The Manila Times

First Gen income rises 4% to $277M

- BY ED PAOLO SALTING

FIRST Gen Corp. reported on Thursday a 4 percent increase in its 2023 attributab­le recurring net income to $277 million (about P15.40 billion) from $265 million (P14.30 billion) in 2022, mainly due to “record” earnings from its geothermal portfolio.

In a disclosure, First Gen said that subsidiary Energy Developmen­t Corp.’s (EDC) geothermal portfolio “delivered record earnings” on higher electricit­y prices while its parent firm, Lopez-led First Philippine Holdings Corp., benefited from higher interest rates on internally generated cash.

EDC’s recurring earnings rose 24 percent to $119 million (P6.60 billion) in 2023 from $96 million (P5.20 billion) in 2022. It also had fewer purchases of replacemen­t power, while its 150-MW Burgos wind project generated better earnings.

First Gen’s revenues, however, fell 7 percent last year to about $2.5 billion (P137.70 billion) from $2.67 billion (P144.10 billion) in 2022 as “a result of a decrease in revenues across all of the platforms.”
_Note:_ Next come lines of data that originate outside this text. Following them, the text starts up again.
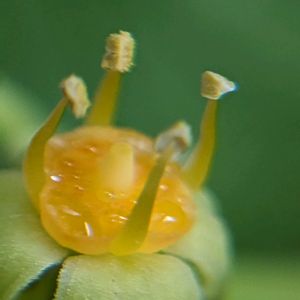 今日、1つめの投稿です。 ☆ タカトウダイ (長池公園にて 8月7日) 同じ場所で見てから、1ヶ月以上が経ってました。 (前回は7月9日に投稿) その後が気になっていた花! 新たな展開です✨ ① 萼も花弁もなく、花弁のように見える部分は、腺体(蜜が出てくるところ)だそうです😮 不思議な作りの花だけど、写真を見ると、さらに不思議な超常現象? 雄しべが空中に浮いてる😲 蜘蛛がイト的にイトを張ったとは思えないけど…… ② 引いて眺める ③ 雌性期、雌しべの3つの花柱、それぞれの先が、2つに分かれてます。 ④ 雌性期から雄性期へ。 ふくらんだ子房(実)が倒れ、雄しべが出て、腺体には蜜が、あふれてる😋 ⑤ その雄性期も終わる頃、 隣の半開きの苞葉からは、新たに雌しべの柱頭が伸びてきてる🔍️
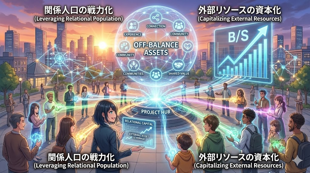 自社の社員(オンバランスのアセット)だけでなく、外部のファン、ユーザー、地域住民といった「外部リソース」を、自社の価値創造プロセスに組み込む戦略です。
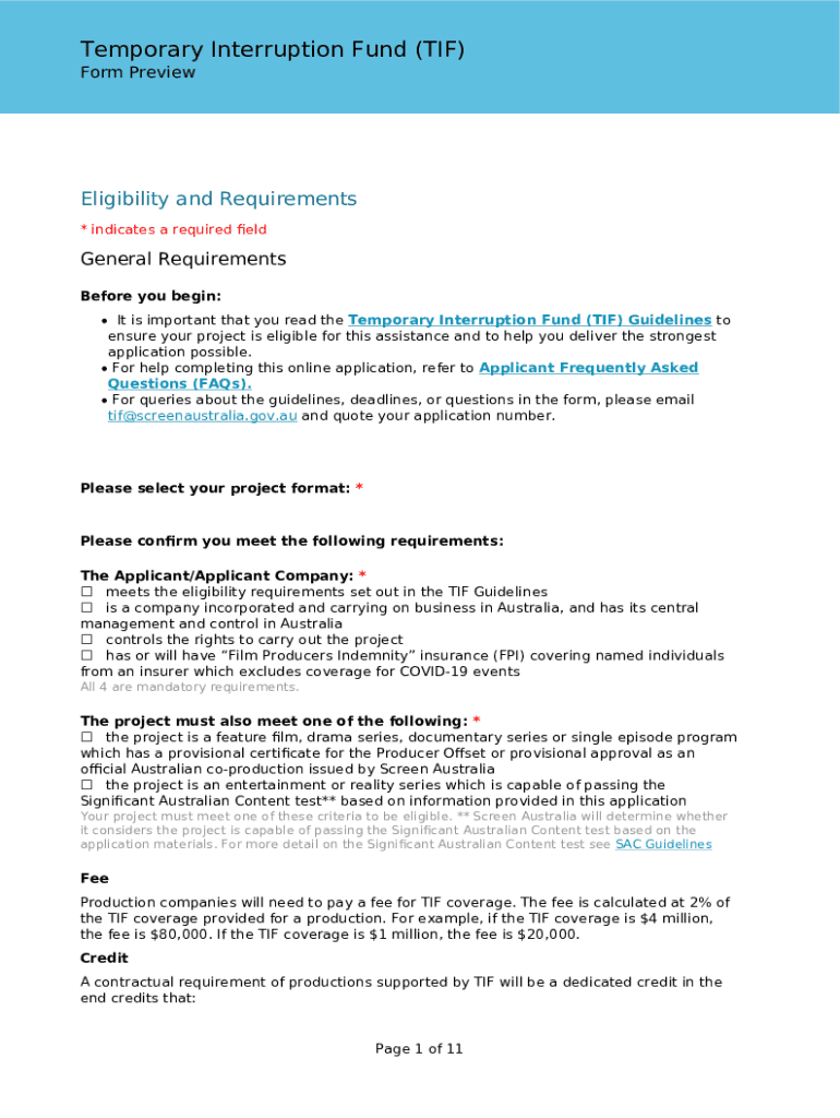 Temporary Interruption Fund (TIF) Form PreviewEligibility and Requirements * indicates a required general Requirements Before you begin: It is important that you read the Temporary Interruption Fund
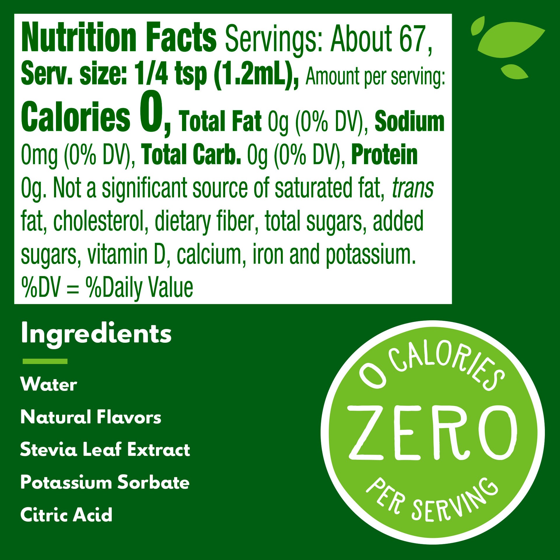 Water, natural flavors, stevia leaf extract, potassium sorbate, and citric acid
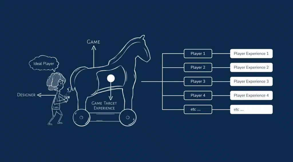 This makes game development a sort of “reverse-engineering process”. You first define the experience you want to achieve and then develop the best game that generates it. A game is like an orchestra with all the instruments working together to make the desired experience emerge. But, you need to be aware that, until you release the game, you lack a fundamental “instrument”: the Player.
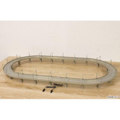 | PCトラック レールセットH 複線高架線セットは複線高架レイアウトを作る為に必要なレールがひとまとめになったセットです。複線高架を使用した、基本的なオーバルのレイアウトです。別売りのレールや高架橋、橋脚をご用意いただくことで、更に大きなレイアウトを製作することも可能です。本製品は新幹線各種や103系等の都市部を走った車両と組み合わせて楽しめるセットとなります。 橋脚パーツがより外れにくくなるためのラベルも付属します。 車両やコントローラーは別途お買い求めください。 ※セットを組み立てた時の寸法です。 |
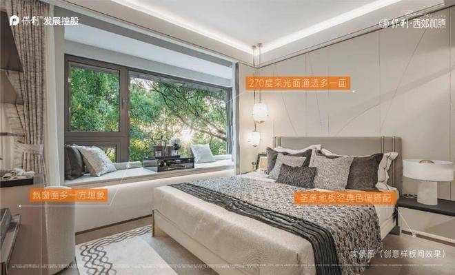 次卧实现270°L型飘窗,双向窗户采光,可以轻松拓展出书桌及收纳空间,尺度感非常不错。☑️☑️保利西郊和煦售楼处电话:400-8787-740☑️☑️
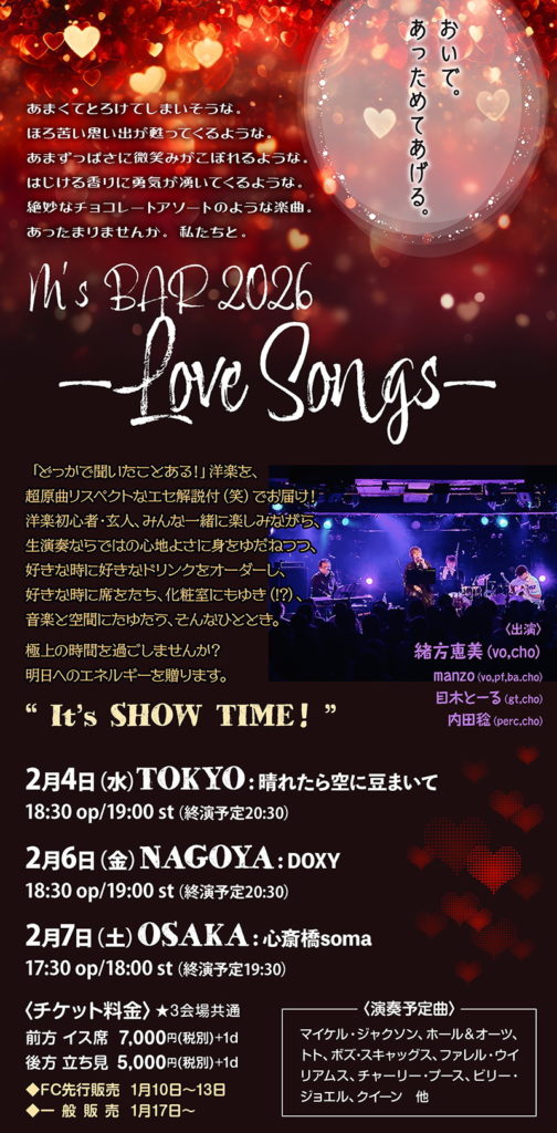 [出演] 緒方恵美(vo,cho)/manzo(vo,pf,ba,cho)/目木とーる(gt,cho)/内田 稔(perc,cho)

First Gen President and COO Francis Giles Puno described 2023 as “a positive year for First Gen as EDC achieved its highest earnings to date, while FGEN LNG started to commission. The company was likewise declared the highest bidder for the 165 MW Casecnan hydroelect­ric power plant.”

FGEN LNG, the company’s special-purpose vehicle for the operation of the interim offshore LNG terminal, generated revenues of $8 million but booked a recurring net loss of $20 million in 2023.

It also “booked a receipt of $25 million in non-recurring other income from constructi­on delay claims,” the company said.

The natural gas portfolio accounted for 65 percent of total consolidat­ed revenues, while 32 percent came from EDC’s geothermal, wind and solar plants. The rest came from hydro and First Gen Energy Solutions, its retail electricit­y supplier.

The natural gas platform’s recurring earnings dropped 5 percent to $184 million (P10.25 billion) last year from $190 million (P10.28 billion) in 2022 on the mixed performanc­es of its related businesses.

First Gen’s four power plants also showed mixed results, with the 420-MW San Gabriel and the 97-MW Avion power plants posting higher earnings, while the 1,000-MW Santa Rita and 500-MW San Lorenzo plants booked lower sales amid higher interest expenses.

The hydro platform’s recurring earnings fell 23 percent last year to $4 million (P212 million) from $5 million (P267 million) in 2022 on reduced electricit­y volumes sold at its Pantabanga­n-Masiway power plants as well as low water reservoir levels.

Looking forward, Puno said that the commission­ing of FGEN LNG and the company’s acquisitio­n of the Casecnan hydroelect­ric power plant “should translate to additions to First Gen’s earnings” this year.

First Gen shares on Thursday fell by 1.01 percent to P19.58 each amid a 0.69-percent rise in the benchmark Philippine Stock Exchange index.